### TASK BRIEF
Write out exactly the lines below from the one containing "un brillo saludable." to the last, both ends kept, and nothing more; skip all pictures.

### COLLECTED MATERIAL
-----

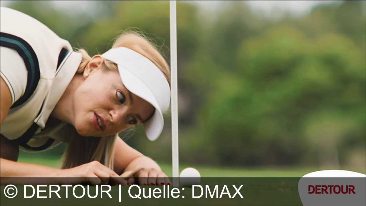 Eine Frau mit weißem Visor liegt am Boden auf einem Golfplatz. Sie blickt konzentriert auf einen Golfball neben dem Loch. Ein grüner Hintergrund ist verschwommen. Rechts unten steht "DERTOUR".
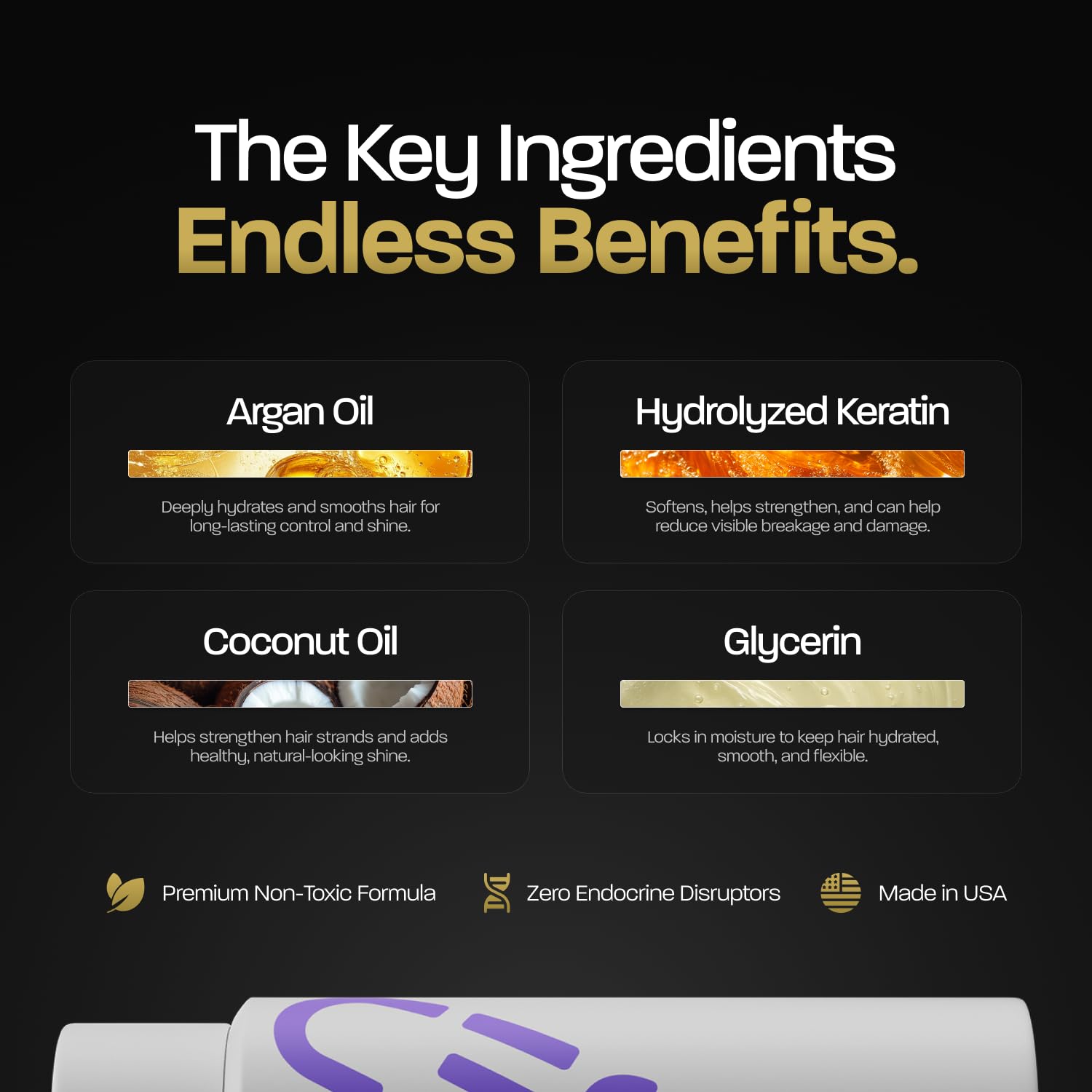 • Aceite de Coco: Conocido por sus propiedades suavizantes y nutritivas, ayuda a que el cabello se sienta más manejable, suave e hidratado mientras mantiene un brillo saludable.
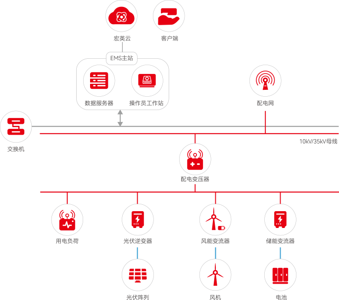 银河集团风光储一体化解决方案是融合物联网技术,将风能、太阳能、储能以及EMS能源管理系统结合起来,实现风、光、储多能互补协同运行,能源精准调配减少弃风弃光,提高能源综合效率,同时通过调峰、调频和调相等功能,有效抑制电网波动,提升电网稳定性、可靠性。
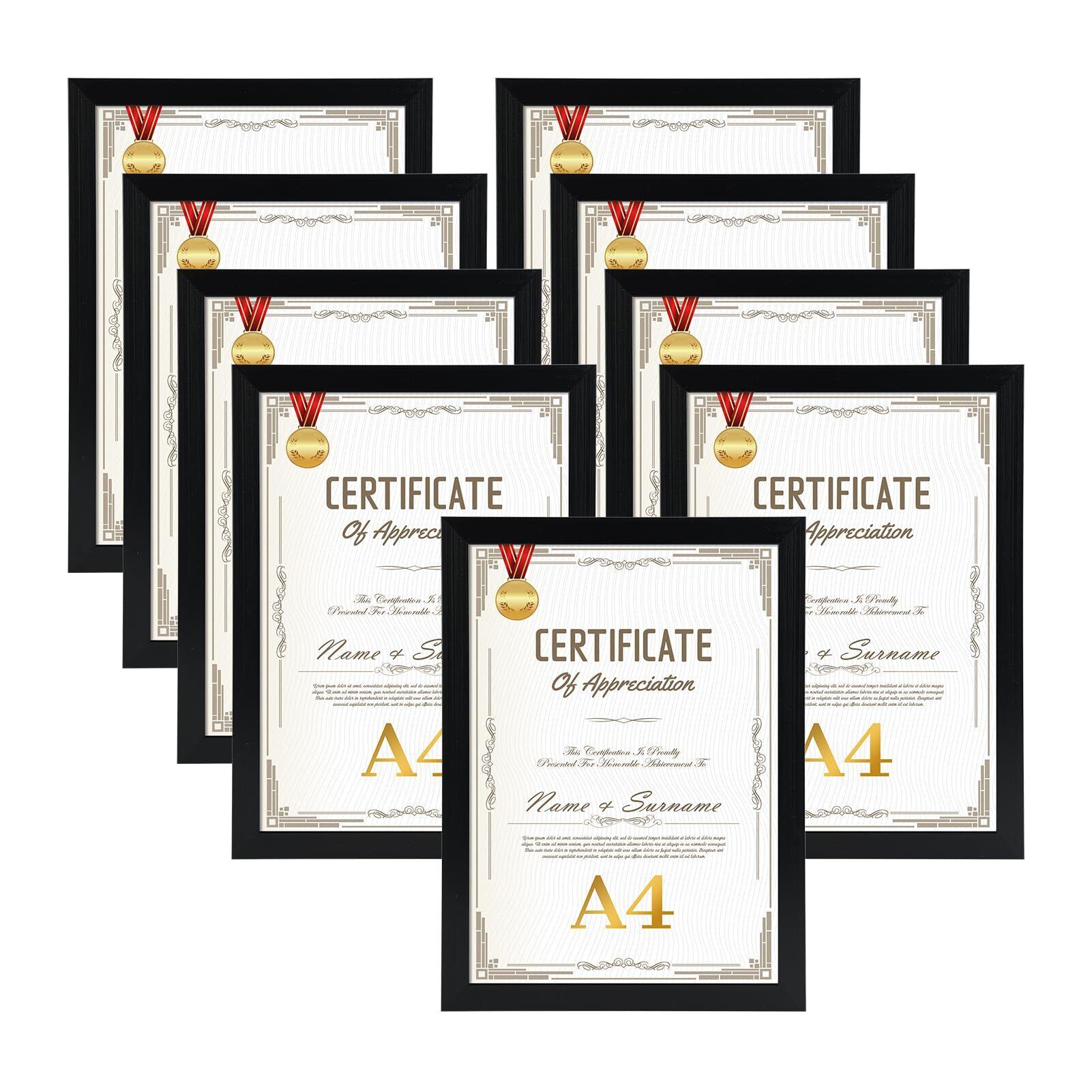 Vasemouh A4 賞状 額縁 壁掛け 卓上兼用 フレーム 210x297mm 写真 額 ブラック セット 9枚

-----

### ANSWER BOX
 • Aceite de Coco: Conocido por sus propiedades suavizantes y nutritivas, ayuda a que el cabello se sienta más manejable, suave e hidratado mientras mantiene un brillo saludable.
 银河集团风光储一体化解决方案是融合物联网技术,将风能、太阳能、储能以及EMS能源管理系统结合起来,实现风、光、储多能互补协同运行,能源精准调配减少弃风弃光,提高能源综合效率,同时通过调峰、调频和调相等功能,有效抑制电网波动,提升电网稳定性、可靠性。
 Vasemouh A4 賞状 額縁 壁掛け 卓上兼用 フレーム 210x297mm 写真 額 ブラック セット 9枚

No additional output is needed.